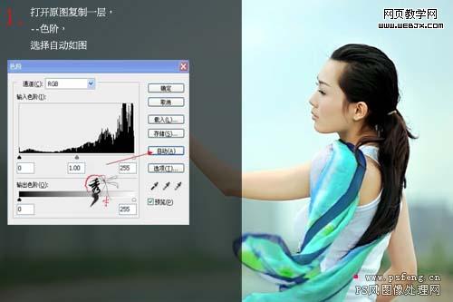 1、打開素材把背景圖層復制一層,按ctrl + l調(diào)整色階,-點擊自動如圖。
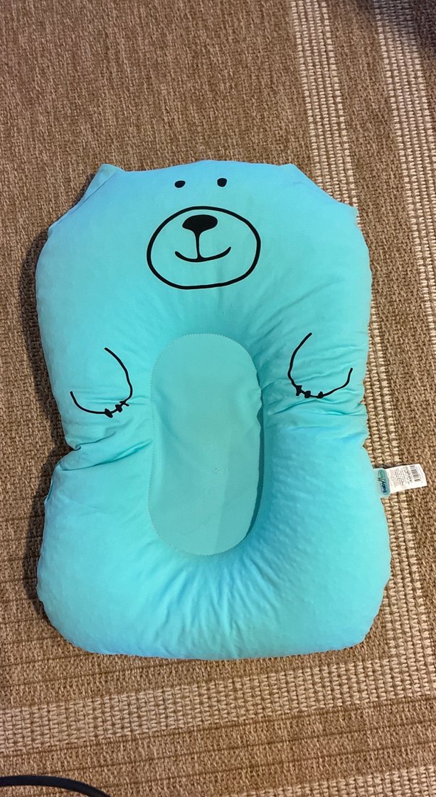 Yumuşak kumaştan yapılmış, ayıcık yüzü desenli turkuaz çocuk banyo yatağı
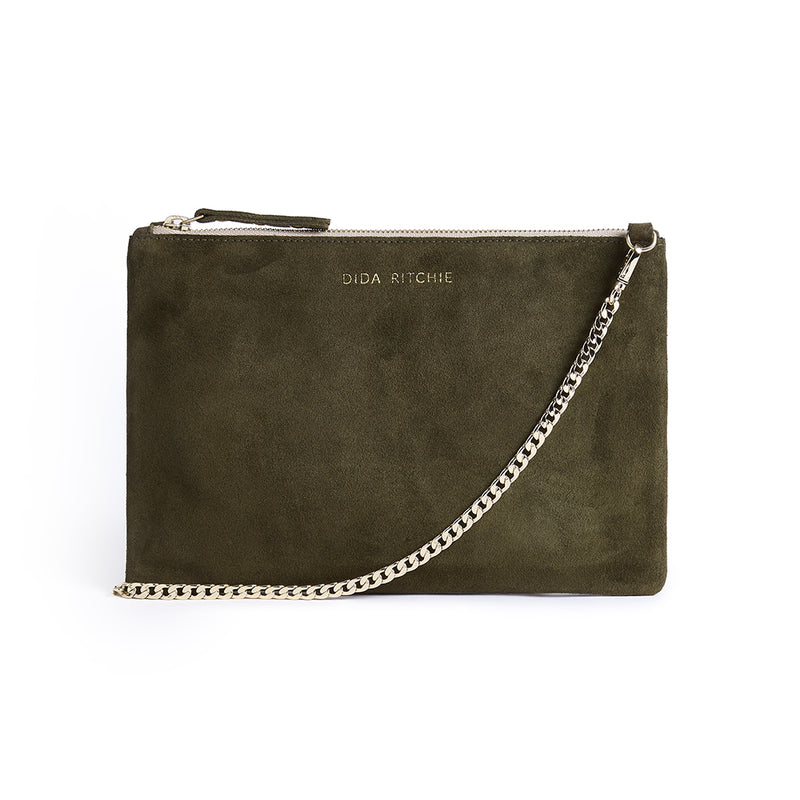 Cara 2.0 - Olive Green Suede Clutch Bag
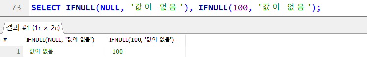 IFNULL(수식 1, 수식2) = NVL
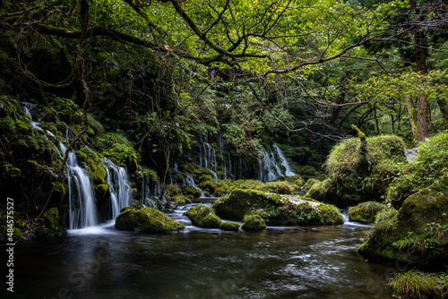 © DKF, Obraz premium 苔が生えた緑の岩と滝の流れ

* * * *

- _Task brief_
All the lines above are to be reproduced exactly, except the pictures.

- _Written response_
 1、打開素材把背景圖層復制一層,按ctrl + l調(diào)整色階,-點擊自動如圖。
 Yumuşak kumaştan yapılmış, ayıcık yüzü desenli turkuaz çocuk banyo yatağı
 Cara 2.0 - Olive Green Suede Clutch Bag
 IFNULL(수식 1, 수식2) = NVL
 © DKF, Obraz premium 苔が生えた緑の岩と滝の流れ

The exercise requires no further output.